DIRECTIONS
Transcribe every entry word for word, leaving out all images.

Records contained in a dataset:

□ □ □ □

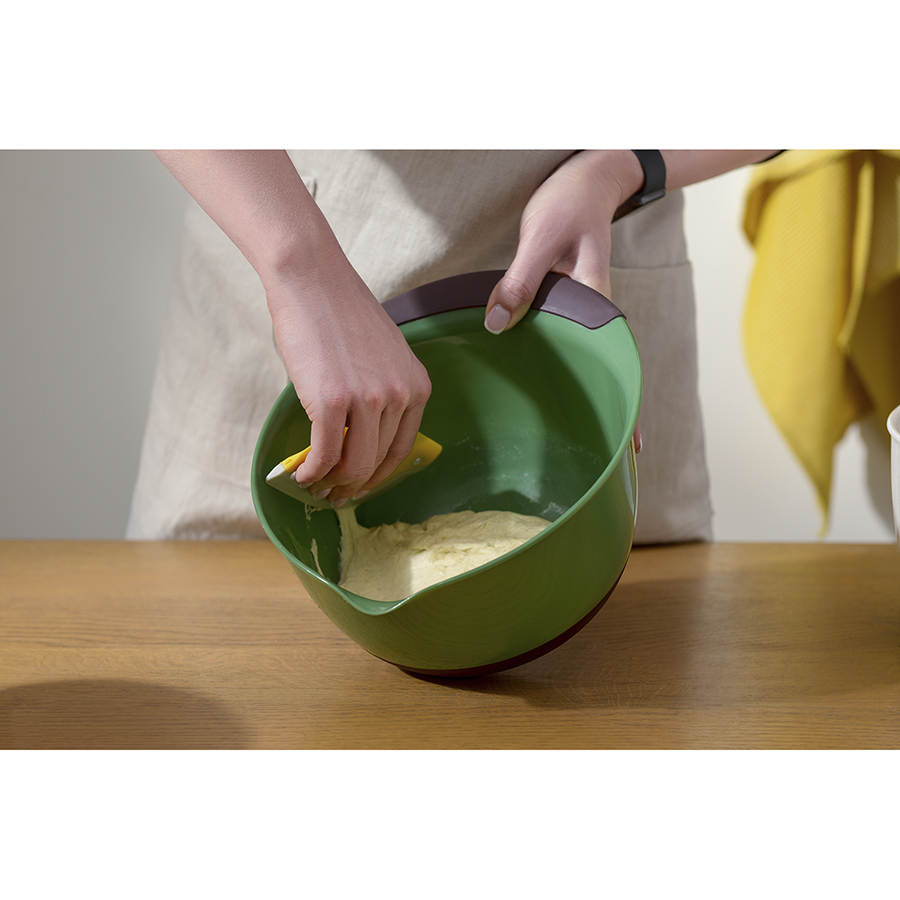- Одна сторона скребка мягкая, другая – твердая, чтобы резать тесто и соскребать остатки пищи со стенок посуды.
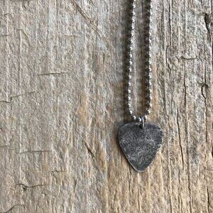 As part of my guitar pick necklace collection, this one will be made with a distressed textured finish. The sturdy ball chain and guitar pick are created entirely of stainless steel which makes for an amazing alternative to sterling silver.
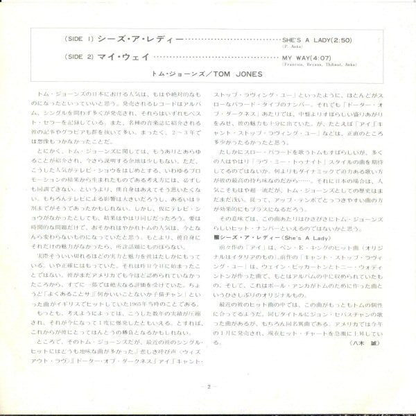 Tom Jones - She's A Lady / My Way (7", Single, Mono)
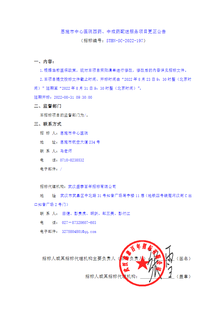 【恩施市中心医院】恩施市中心医院西药、中成药配送服务项目更正公告
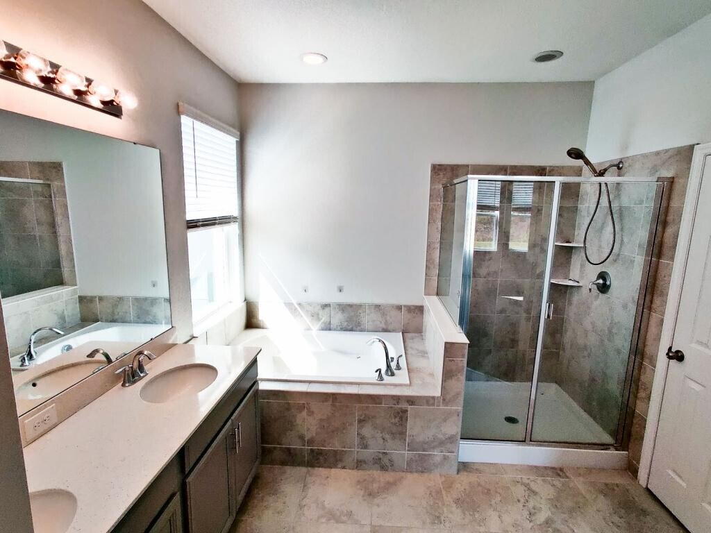 For rent is a charming, almost new constructed 4-bedroom, 2-bath home with a 2-car garage in the picturesque Whaley's Creek neighborhood of St. Cloud. This residence boasts a welcoming open floor plan that encompasses a spacious living room, kitchen, and a delightful breakfast nook. Throughout, you'll find exquisite tile flooring and soaring high ceilings that add to the sense of spaciousness. The modern kitchen is a true highlight, featuring a generously sized island that overlooks the living area. It showcases quartz countertops and a custom subway tile backsplash, offering both style and functionality. The dining room is equally impressive with its tiled floor, and there's a convenient indoor laundry room complete with a full-size washer and dryer. The split floor plan ensures privacy, with the master bedroom suite on one side and three additional bedrooms on the opposite side of the home. The master bedroom is a sanctuary, with a luxurious bathroom that includes a soaking tub, stand-up shower, dual vanity sinks, and a spacious walk-in closet. The bedrooms are carpeted, providing a cozy contrast to the rest of the house. Step outside to a screened lanai that overlooks a lush natural preserve and a generously sized backyard, perfect for outdoor activities and relaxation. The property also includes a two-car garage with an opener for your convenience. The Whaley's Creek community offers fantastic amenities, including a pool, playground, and a clubhouse, ensuring there's always something to do close to home. This fantastic home is available for rent right now and comes with a one-year lease. Don't miss the opportunity to make this beautiful home your own!
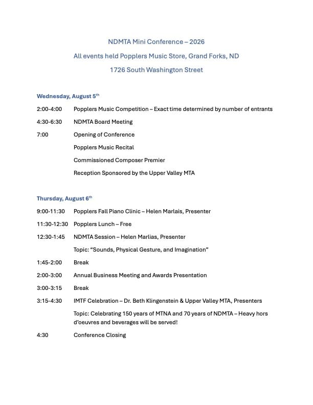 •The Popplers Competition will take place at the conference Wednesday, August 5th at 2:00 pm. Use this quick link to see information and registration: https://ndmta.org/student-events/popplers-music-competitions/

□ □ □ □

EXERCISE OUTPUT
- Одна сторона скребка мягкая, другая – твердая, чтобы резать тесто и соскребать остатки пищи со стенок посуды.
 As part of my guitar pick necklace collection, this one will be made with a distressed textured finish. The sturdy ball chain and guitar pick are created entirely of stainless steel which makes for an amazing alternative to sterling silver.
 Tom Jones - She's A Lady / My Way (7", Single, Mono)
 【恩施市中心医院】恩施市中心医院西药、中成药配送服务项目更正公告
 For rent is a charming, almost new constructed 4-bedroom, 2-bath home with a 2-car garage in the picturesque Whaley's Creek neighborhood of St. Cloud. This residence boasts a welcoming open floor plan that encompasses a spacious living room, kitchen, and a delightful breakfast nook. Throughout, you'll find exquisite tile flooring and soaring high ceilings that add to the sense of spaciousness. The modern kitchen is a true highlight, featuring a generously sized island that overlooks the living area. It showcases quartz countertops and a custom subway tile backsplash, offering both style and functionality. The dining room is equally impressive with its tiled floor, and there's a convenient indoor laundry room complete with a full-size washer and dryer. The split floor plan ensures privacy, with the master bedroom suite on one side and three additional bedrooms on the opposite side of the home. The master bedroom is a sanctuary, with a luxurious bathroom that includes a soaking tub, stand-up shower, dual vanity sinks, and a spacious walk-in closet. The bedrooms are carpeted, providing a cozy contrast to the rest of the house. Step outside to a screened lanai that overlooks a lush natural preserve and a generously sized backyard, perfect for outdoor activities and relaxation. The property also includes a two-car garage with an opener for your convenience. The Whaley's Creek community offers fantastic amenities, including a pool, playground, and a clubhouse, ensuring there's always something to do close to home. This fantastic home is available for rent right now and comes with a one-year lease. Don't miss the opportunity to make this beautiful home your own!
 •The Popplers Competition will take place at the conference Wednesday, August 5th at 2:00 pm. Use this quick link to see information and registration: https://ndmta.org/student-events/popplers-music-competitions/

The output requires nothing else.